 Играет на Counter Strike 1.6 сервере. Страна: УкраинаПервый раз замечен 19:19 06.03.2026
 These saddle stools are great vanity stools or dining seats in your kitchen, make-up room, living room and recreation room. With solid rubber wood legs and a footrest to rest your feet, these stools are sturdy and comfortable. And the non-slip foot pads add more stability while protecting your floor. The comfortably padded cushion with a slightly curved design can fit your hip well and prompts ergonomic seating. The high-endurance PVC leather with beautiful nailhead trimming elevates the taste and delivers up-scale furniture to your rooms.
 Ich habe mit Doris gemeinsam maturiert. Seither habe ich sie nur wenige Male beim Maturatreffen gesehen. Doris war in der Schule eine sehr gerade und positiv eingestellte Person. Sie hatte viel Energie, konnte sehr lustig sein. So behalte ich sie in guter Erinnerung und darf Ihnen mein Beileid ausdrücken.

==

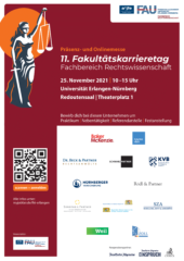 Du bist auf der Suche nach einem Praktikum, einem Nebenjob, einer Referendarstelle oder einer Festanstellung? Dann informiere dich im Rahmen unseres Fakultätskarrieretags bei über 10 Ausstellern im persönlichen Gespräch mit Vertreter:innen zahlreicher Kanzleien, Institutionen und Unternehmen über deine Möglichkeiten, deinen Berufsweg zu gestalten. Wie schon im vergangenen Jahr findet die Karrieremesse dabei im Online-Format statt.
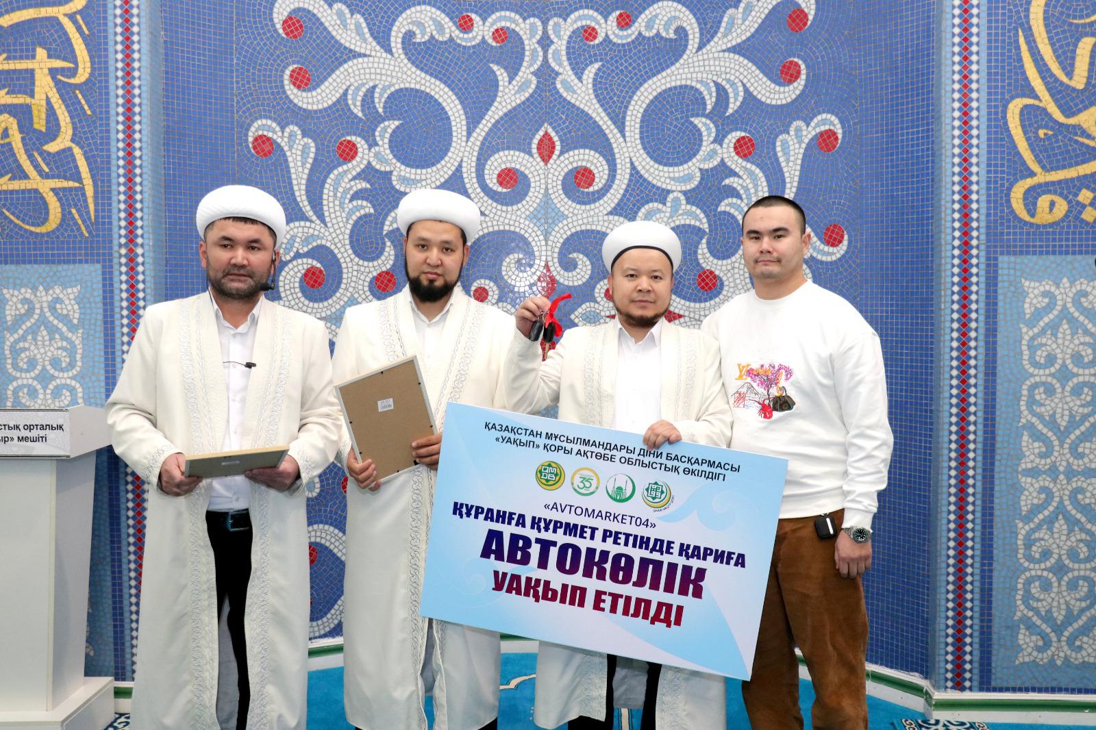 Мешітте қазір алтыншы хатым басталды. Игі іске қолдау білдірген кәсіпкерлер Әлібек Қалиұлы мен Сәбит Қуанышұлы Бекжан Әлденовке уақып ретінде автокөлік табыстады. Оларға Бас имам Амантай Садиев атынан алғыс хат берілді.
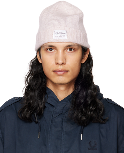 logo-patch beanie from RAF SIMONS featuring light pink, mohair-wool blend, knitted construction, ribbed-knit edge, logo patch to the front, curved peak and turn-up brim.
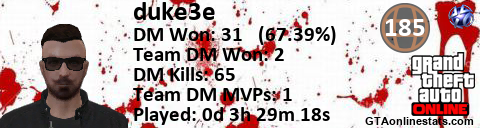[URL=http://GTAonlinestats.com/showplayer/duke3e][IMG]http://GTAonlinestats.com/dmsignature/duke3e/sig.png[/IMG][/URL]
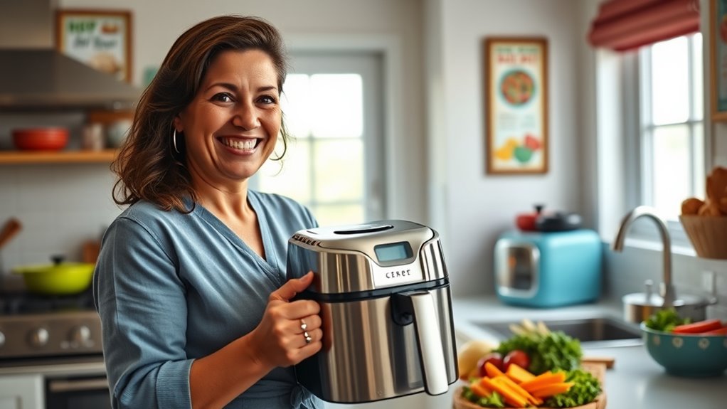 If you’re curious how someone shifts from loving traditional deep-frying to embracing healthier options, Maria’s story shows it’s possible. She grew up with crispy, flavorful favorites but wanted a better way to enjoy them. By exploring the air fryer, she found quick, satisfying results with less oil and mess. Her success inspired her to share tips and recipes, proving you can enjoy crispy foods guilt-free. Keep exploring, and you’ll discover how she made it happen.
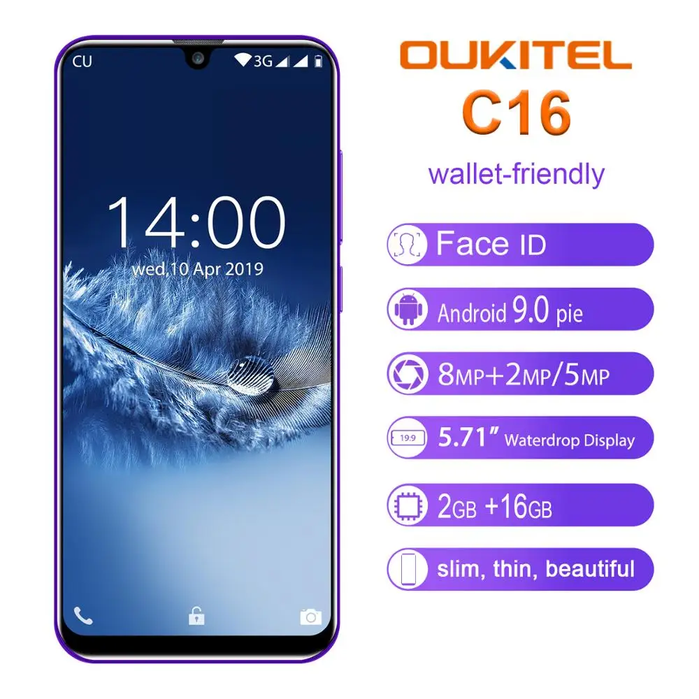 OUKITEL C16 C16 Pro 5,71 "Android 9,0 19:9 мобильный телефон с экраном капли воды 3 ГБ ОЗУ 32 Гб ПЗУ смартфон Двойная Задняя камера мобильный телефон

--

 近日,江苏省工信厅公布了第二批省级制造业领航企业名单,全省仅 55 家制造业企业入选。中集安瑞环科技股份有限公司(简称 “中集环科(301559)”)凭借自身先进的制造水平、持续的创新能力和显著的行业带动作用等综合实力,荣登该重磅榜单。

— YOUR OBJECTIVE —
With the pictures omitted, copy exactly the lines of the listing above starting at the line containing "logo-patch beanie from" and ending at the line containing "OUKITEL C16 C16", both included.

— EXERCISE OUTPUT —
 logo-patch beanie from RAF SIMONS featuring light pink, mohair-wool blend, knitted construction, ribbed-knit edge, logo patch to the front, curved peak and turn-up brim.
[URL=http://GTAonlinestats.com/showplayer/duke3e][IMG]http://GTAonlinestats.com/dmsignature/duke3e/sig.png[/IMG][/URL]
 If you’re curious how someone shifts from loving traditional deep-frying to embracing healthier options, Maria’s story shows it’s possible. She grew up with crispy, flavorful favorites but wanted a better way to enjoy them. By exploring the air fryer, she found quick, satisfying results with less oil and mess. Her success inspired her to share tips and recipes, proving you can enjoy crispy foods guilt-free. Keep exploring, and you’ll discover how she made it happen.
 OUKITEL C16 C16 Pro 5,71 "Android 9,0 19:9 мобильный телефон с экраном капли воды 3 ГБ ОЗУ 32 Гб ПЗУ смартфон Двойная Задняя камера мобильный телефон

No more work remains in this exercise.